Megorashim ( "expelled") is a term used to refer to Jews from the Iberian Peninsula who arrived in North Africa as a result of the anti-Jewish persecutions of 1391 and the expulsion of Jews from Spain in 1492. These migrants were distinct from pre-existing North African Jews called Toshavim. The Toshavim had been present in North Africa since ancient times, spoke the local languages (Arabic or Berber), and had traditions that were influenced by Maghrebi Islam. The Megorashim influenced North African Judaism, incorporating traditions from Spain. They eventually merged with the Toshavim, so that it is now difficult to distinguish between the two groups. The Jews of North Africa are often referred to as Sephardi, a term that emphasizes their Iberian traditions.

Migrations 
The first migration took place following the persecutions of 1391 in Catalonia, Valencia and the Balearic Islands. Many Megorashim took refuge along the North African coast, especially in Algeria. Among them were prestigious rabbis like Isaac ben Sheshet and Simeon ben Zemah Duran. Of the 40,000 to 70,000 Jews who left Spain in 1492 following the Alhambra decree, the Jewish Encyclopedia estimates that 32,000 reached the coast of North Africa; (20,000 in Morocco, 10,000 in Algeria). Others say, however, that it is impossible to really estimate how many Iberian Jews found refuge in Morocco and the Maghreb.

Communities 
These Jews had their own leaders, rabbis and spiritual leaders as well as their own minhag. They spoke the different languages of the Iberian Peninsula from which they originated (Castilian, Aragonese, Catalan, Galician, etc.) and a standardized Judeo-Spanish form, called Judezmo, has long been used by the diaspora.

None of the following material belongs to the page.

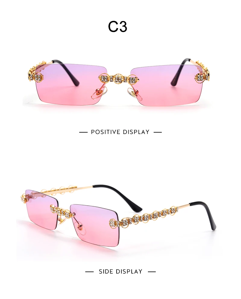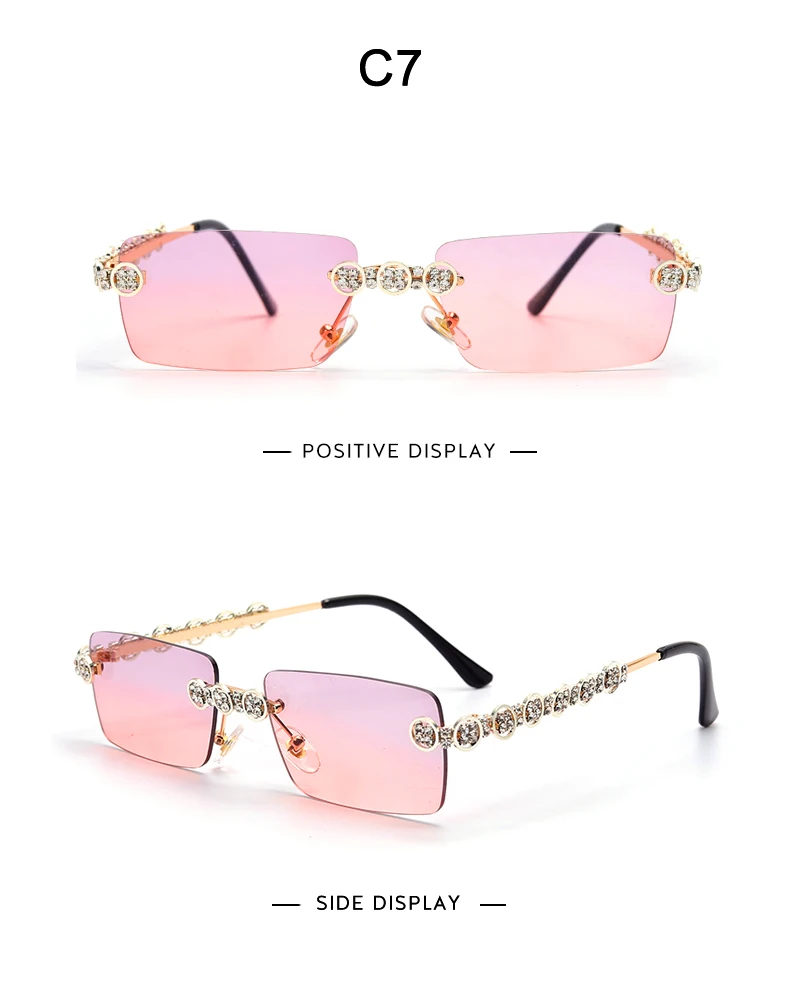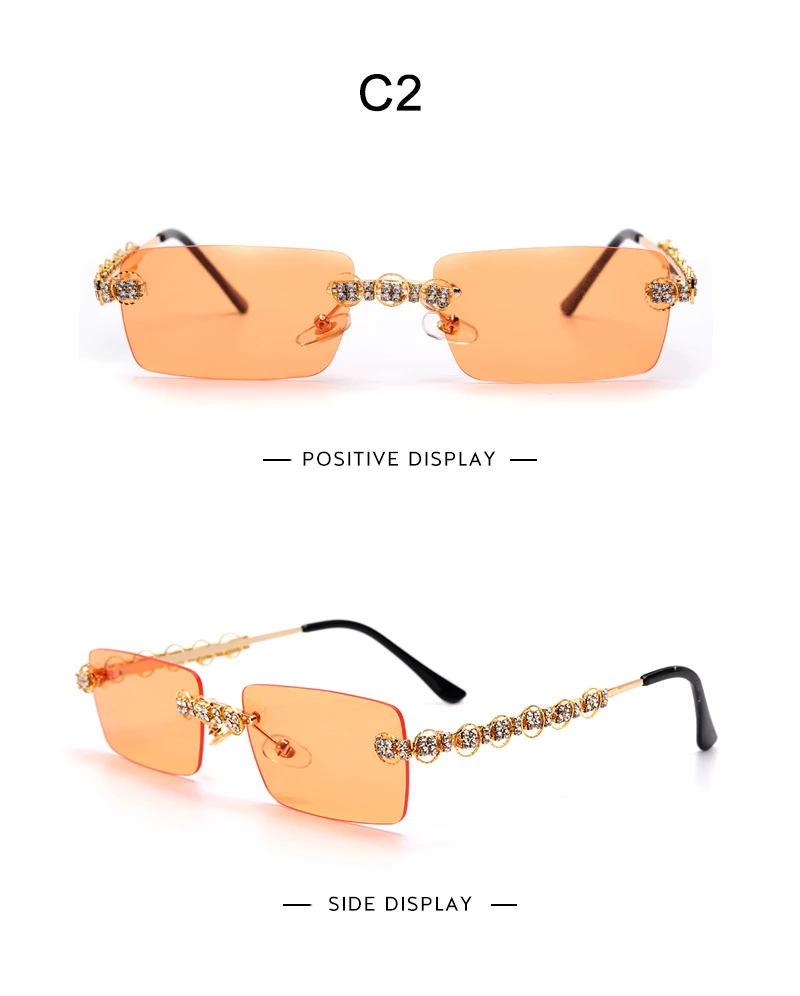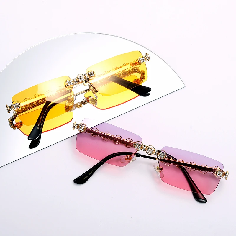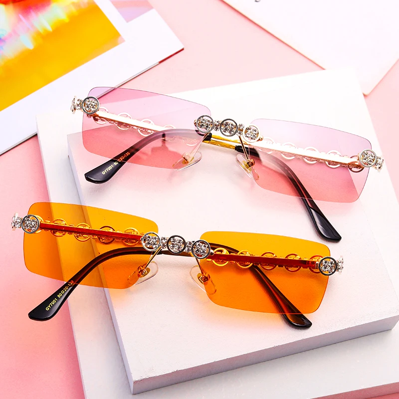 Женские солнцезащитные очки в стиле ретро, брендовые дизайнерские солнцезащитные очки без оправы с бриллиантами, стразы, женские очки без оправы, 2020

After 1391, the Megorashim had settled mainly in Algeria (Algiers and its adjacent cities, Tlemcen, Oran, Ténès, Béjaïa, Constantine), Tunisia (Tunis), and Morocco (Meknes, Fez, and Debdou, with the capture of Seville). Following the expulsion edict of 1492, new waves of Megorashim came to North Africa, specifically Tetouan, Fez, Meknes, Rabat, Sale, and Marrakesh. They then moved to Mogador when the Alaouite King Mohammed bin Abdullah invited the Jews to settle there and take care of relations with Portugal.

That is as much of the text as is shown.